Risk Factors

With any flight of long duration, pilots face a number of potential challenges. According to some people in the industry, mechanical failure is probably the least of the pilots concerns at this point. Frank Jensen, president of Helicopter Association International, cites fluctuations in weather as a possible hazard. "The obvious thing that comes up on the radar screen is weather. Flying from West to East, they're looking for favorable winds. If the winds turnaround and become a head wind, it could be a problem. If one of the refueling stops should become obscured by fog or bad weather that could be a problem."

Ian Parker, editor of Helicopter World, agreed that weather is always going to be a factor when flying a helicopter. Regardless if the crew has some of the best weather detection equipment onboard, Parker said, "One of the key skills of a good pilot is knowing when to postpone a flight." As for dependiblity of the helicopter, Ian Parker doesn't foresee a problem, stating, "Reliability is very high with this helicopter."

Ron Bower, a well-known helicopter dare-devil, confessed to his own difficulties with weather during his helicopter flight around the world. In reference to the L'Esprit d'Intertechniqe pilots, Bower stated, "Ihave a feeling they are going to run into some difficulties. I did in thearctic areas. When I say difficulties, I mean low ceilings, low visibillity ... I couldn't predict the weather in my situation. I just had to take what I could get."

While weather remains a concern, another factor may come into play during a lengthy flight.
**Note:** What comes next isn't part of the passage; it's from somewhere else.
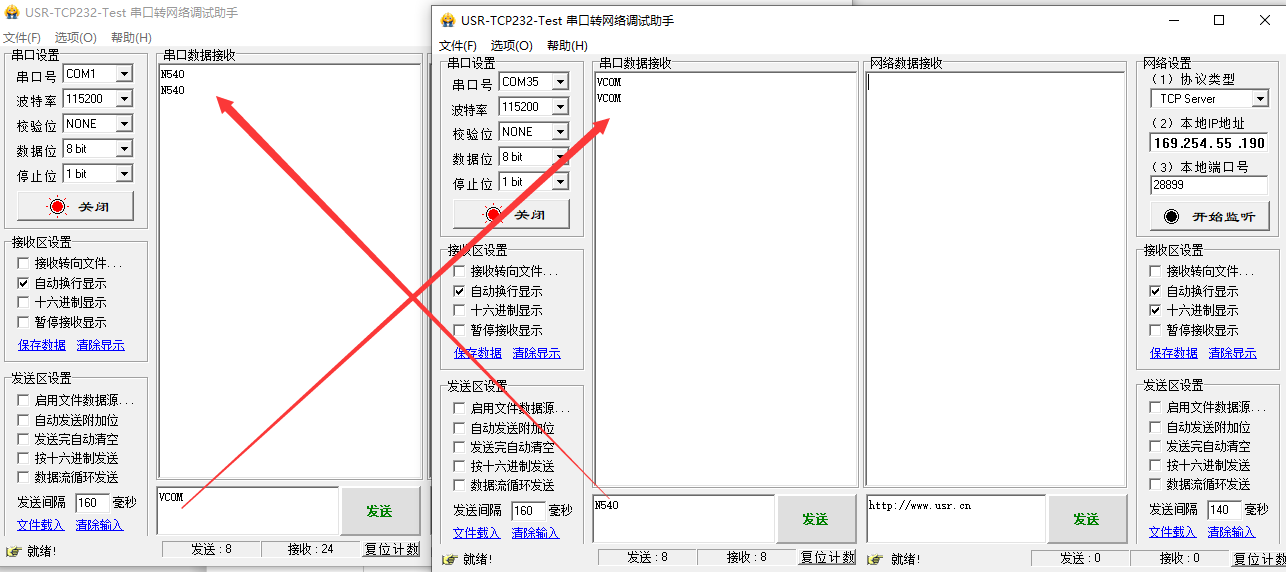 17、用串口调试助手打开N540的串口和VCOM生成的串口,进行数据收发测试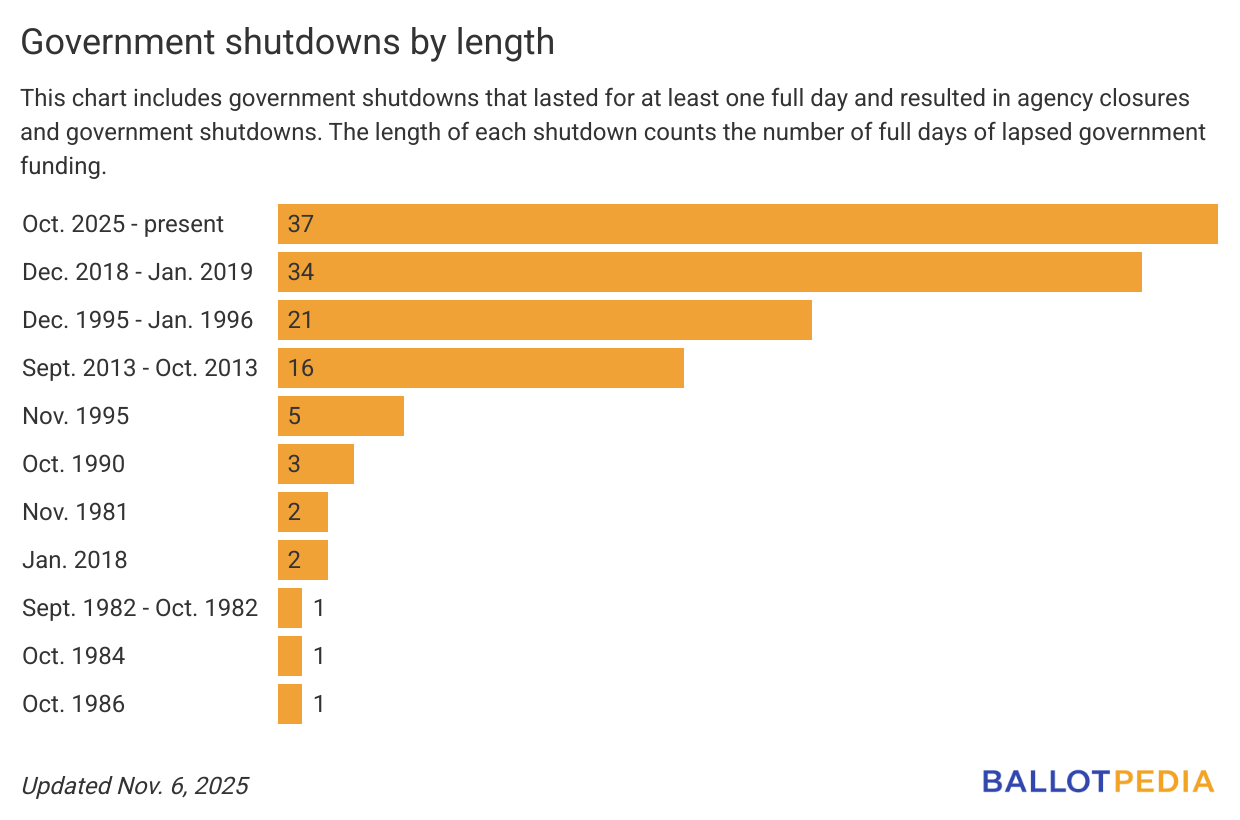 November 4th was the 35th day of the federal government shutdown making it the longest shutdown in U.S. history. It has outlasted the shutdown that ran from December 2018 to January 2019, which lasted 34 full days.

While the pilots may or may not end up fighting against the elements, they will undoubtably be forced to fight against the limits of human endurance.

As noted by retired Navy captain Stephen Millikin, fatigue can wear heavily on crews during extended flights. Of his own experience, Captain Millikin noted, "even on a 9-hour flight, after it was over, I fell asleep for 18 hours straight. There is a lot of vibration, a lot of wear

and tear when you fly a helicopter. A normal mission usually lasts about 4 and a half hours." The pilots aboard the transatlantic flight can expect to be in the air at least 27 hours.

With 25 years of experience as an Army pilot, Scott Barnes is well aware of the human fatigue factor in long flights. He recalls, "As time starts droning on, the first 8-10 hours are okay, but the next 12-14 hours are tough." Barnes estimates, "They'll [the pilots] will have to find things to keep awake and keep their minds busy. Their knees and back will start aching after awhile. They'll be going over monotonous terrain, seeing the same thing over and over again."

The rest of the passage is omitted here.